What needs to be done => Please copy the records exactly as they appear, with all pictures left out.

Data extracted from a collection
=== Begin Enclosure ===

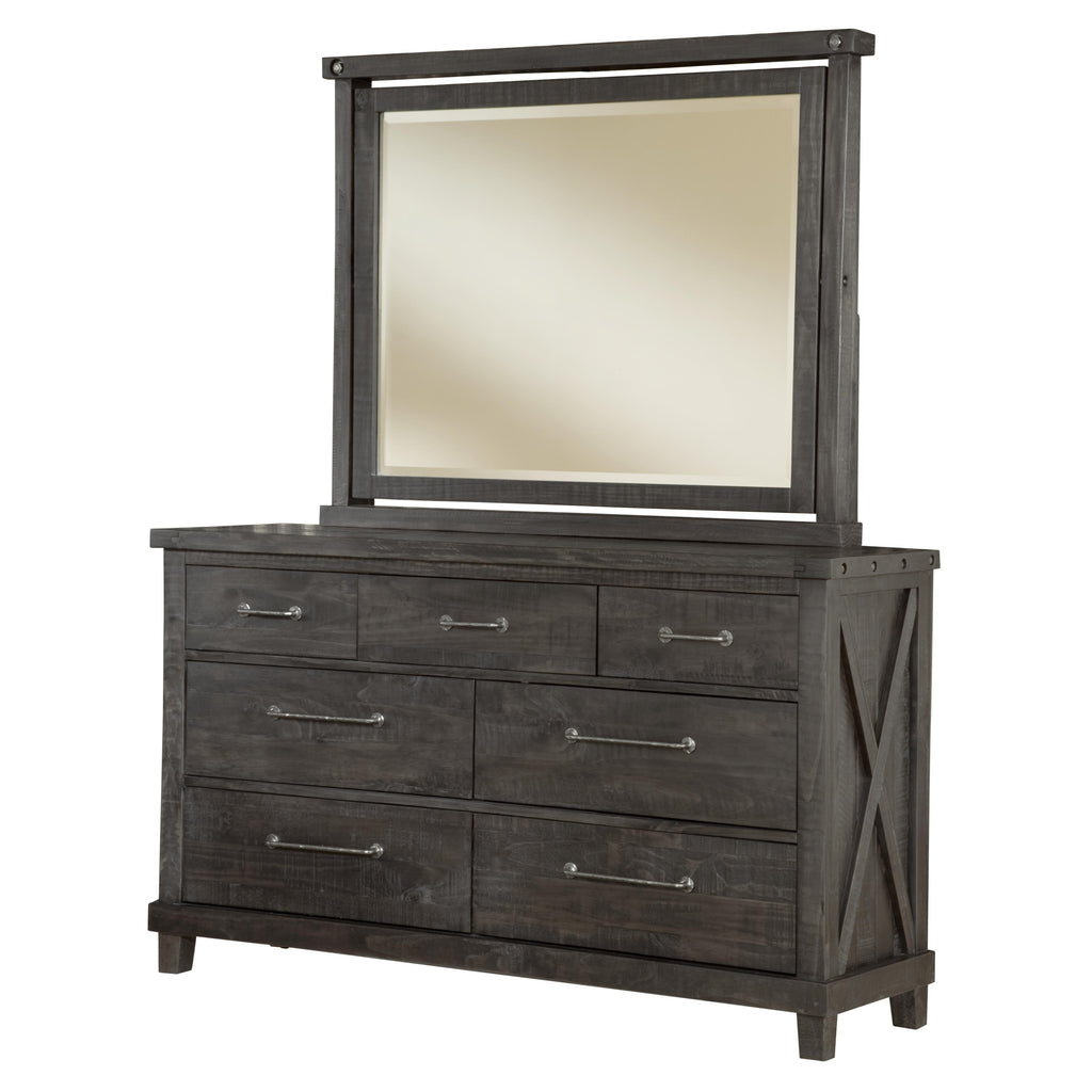 • Exposed bolts and hammered metal drawer pulls
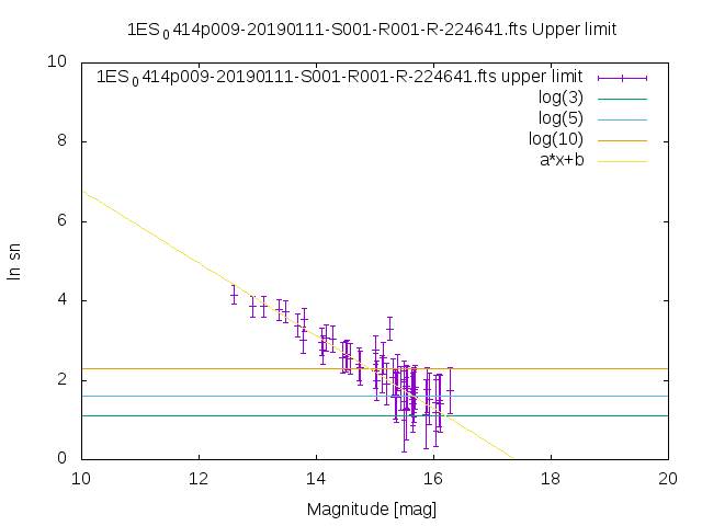 | upper limit SN vs magnitude graph from USNO-B1 catalog |
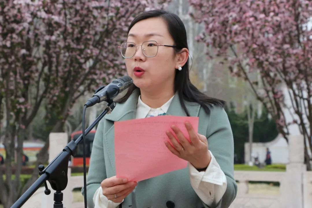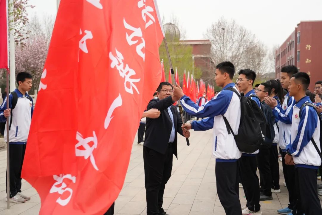 出征儀式由團(tuán)委書記張瑩主持,活動(dòng)在莊嚴(yán)的國(guó)歌聲中拉開帷幕。副校長(zhǎng)張衍兵鄭重地將團(tuán)旗和校旗授予各班級(jí)代表,象征著責(zé)任和榮譽(yù)的傳承。隨后,年級(jí)領(lǐng)導(dǎo)為各班授班旗。
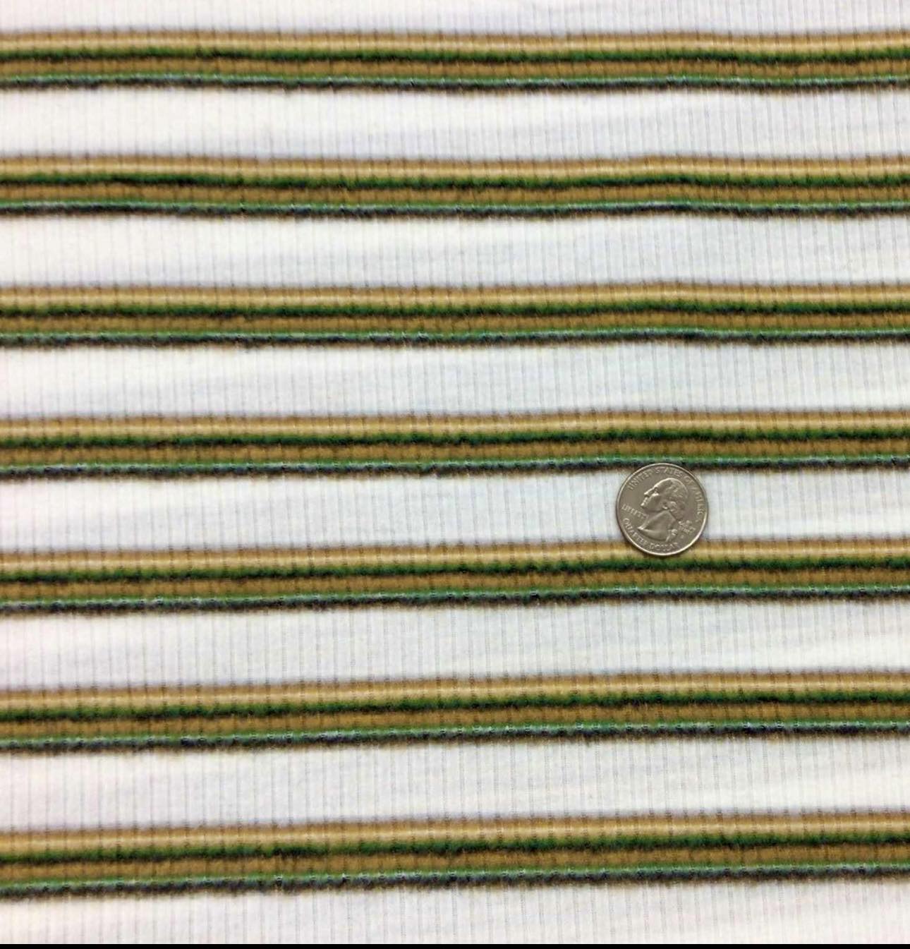 Mustard/light sage/black/white stripes, 4way stretch, med weight, brushed rib knit, poly/rayon/spandex blend, 60” wide.
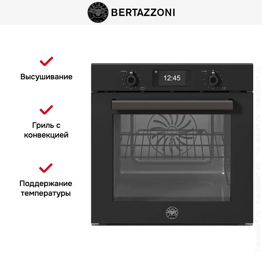 Духовой шкаф Bertazzoni F6011PROPTN-23 сочетает профессиональный внешний вид и технические возможности для стабильной работы на кухне. Он независимый, электрический и рассчитан на встраивание в нишу с типовыми размерами, что облегчает установку в стандартный кухонный гарнитур.
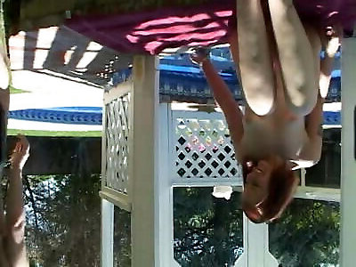 Masha Korjagina lifts her gams and opens up them

=== End Enclosure ===

Answer to this task =>
 • Exposed bolts and hammered metal drawer pulls
 | upper limit SN vs magnitude graph from USNO-B1 catalog |
 出征儀式由團(tuán)委書記張瑩主持,活動(dòng)在莊嚴(yán)的國(guó)歌聲中拉開帷幕。副校長(zhǎng)張衍兵鄭重地將團(tuán)旗和校旗授予各班級(jí)代表,象征著責(zé)任和榮譽(yù)的傳承。隨后,年級(jí)領(lǐng)導(dǎo)為各班授班旗。
 Mustard/light sage/black/white stripes, 4way stretch, med weight, brushed rib knit, poly/rayon/spandex blend, 60” wide.
 Духовой шкаф Bertazzoni F6011PROPTN-23 сочетает профессиональный внешний вид и технические возможности для стабильной работы на кухне. Он независимый, электрический и рассчитан на встраивание в нишу с типовыми размерами, что облегчает установку в стандартный кухонный гарнитур.
 Masha Korjagina lifts her gams and opens up them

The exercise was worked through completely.